Unlicensed airfield in Surrey, England

Dunsfold Aerodrome (former ICAO code EGTD) is an unlicensed airfield in Surrey, England, near the village of Cranleigh. It extends across land in the villages of Dunsfold and Alfold.

It was built by the Canadian Army and civilian contractors as a Class A bomber airfield for Army Co-operation Command. It was commanded by the Royal Canadian Air Force from 1942 to 1944 and was known as Royal Canadian Air Force Station Dunsfold. Under RAF control it was RAF Dunsfold.

Post-war it was used by Hawker Siddeley and then its successor British Aerospace. From 2002 to 2020, it was used as the main site of the BBC show Top Gear.

In December 2016, planning permission was granted for 1,800 homes to be built on the site, with the track and associated aerodrome infrastructure, such as the runway drag strip, being demolished.

==History==

=== Construction and military use ===
Dunsfold Aerodrome was constructed in 1942 by the 2nd Battalion, Royal Canadian Engineers, supported by personnel from the Canadian Forestry Corps. The airfield site covered around 200 acres of woodland which had to be cleared before construction could begin. The Canadian sappers, drawing on equipment provided under the Lend-Lease programme, used heavy earth-moving machinery from North America and employed methods such as pipe-pushing charges to place explosives beneath tree roots, allowing for rapid clearance.

Construction was completed in just over six months, considerably faster than comparable wartime airfield projects which often took up to a year. The completed airfield had three concrete runways arranged in the standard triangular pattern, perimeter tracks and dispersal areas, along with temporary hangars and accommodation huts.

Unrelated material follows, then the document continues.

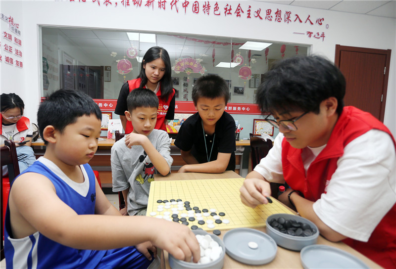 暑假期間,信州區(qū)北門街道長塘社區(qū)結(jié)合實際,充分利用大學(xué)生參與社會實踐的資源,在社區(qū)開展形式多樣的免費暑托班,緩解家長假期“帶娃難”困擾,讓孩子們度過一個安全、充實、快樂的假期。記者 戴越 攝

The first units based at Dunsfold were No. 400 Squadron RCAF (from 4 December 1942), No. 414 Squadron RCAF (from 5 December 1942) and No. 430 Squadron RCAF (from 8 January 1943), flying Curtiss Tomahawk and North American Mustang I aircraft on tactical reconnaissance missions.

In late 1943 Dunsfold was transferred to No. 139 Wing RAF, operating Mitchell II medium bombers. The wing was formed from No. 139 Airfield Headquarters RAF and included No. 98 Squadron, No. 180 Squadron and No. 320 (Netherlands) Squadron RAF, the latter manned by personnel from the Netherlands Naval Aviation Service. The wing conducted raids on targets in occupied Europe until October 1944, when it moved to the continent to support the advancing Allied forces.

Following the wing's departure, Dunsfold became home to No. 83 Group Support Unit RAF, which serviced and tested Spitfires, Typhoons and Tempests prior to operational deployment. In February 1945 the unit was redesignated the 83 Group Disbandment Centre, and later assisted with the repatriation of Allied prisoners of war in the closing months of the war.

The aerodrome was declared inactive by the Royal Air Force in 1946 and subsequently leased to Skyways Ltd. for civilian use. Skyways operated and maintained aircraft including the Avro York, Avro Lancastrian, Douglas C-54 Skymaster, de Havilland Dragon Rapide and de Havilland Dove, and played a role in supporting the Berlin Airlift. The company also refurbished surplus RAF Spitfires and Hurricanes for the Portuguese Air Force.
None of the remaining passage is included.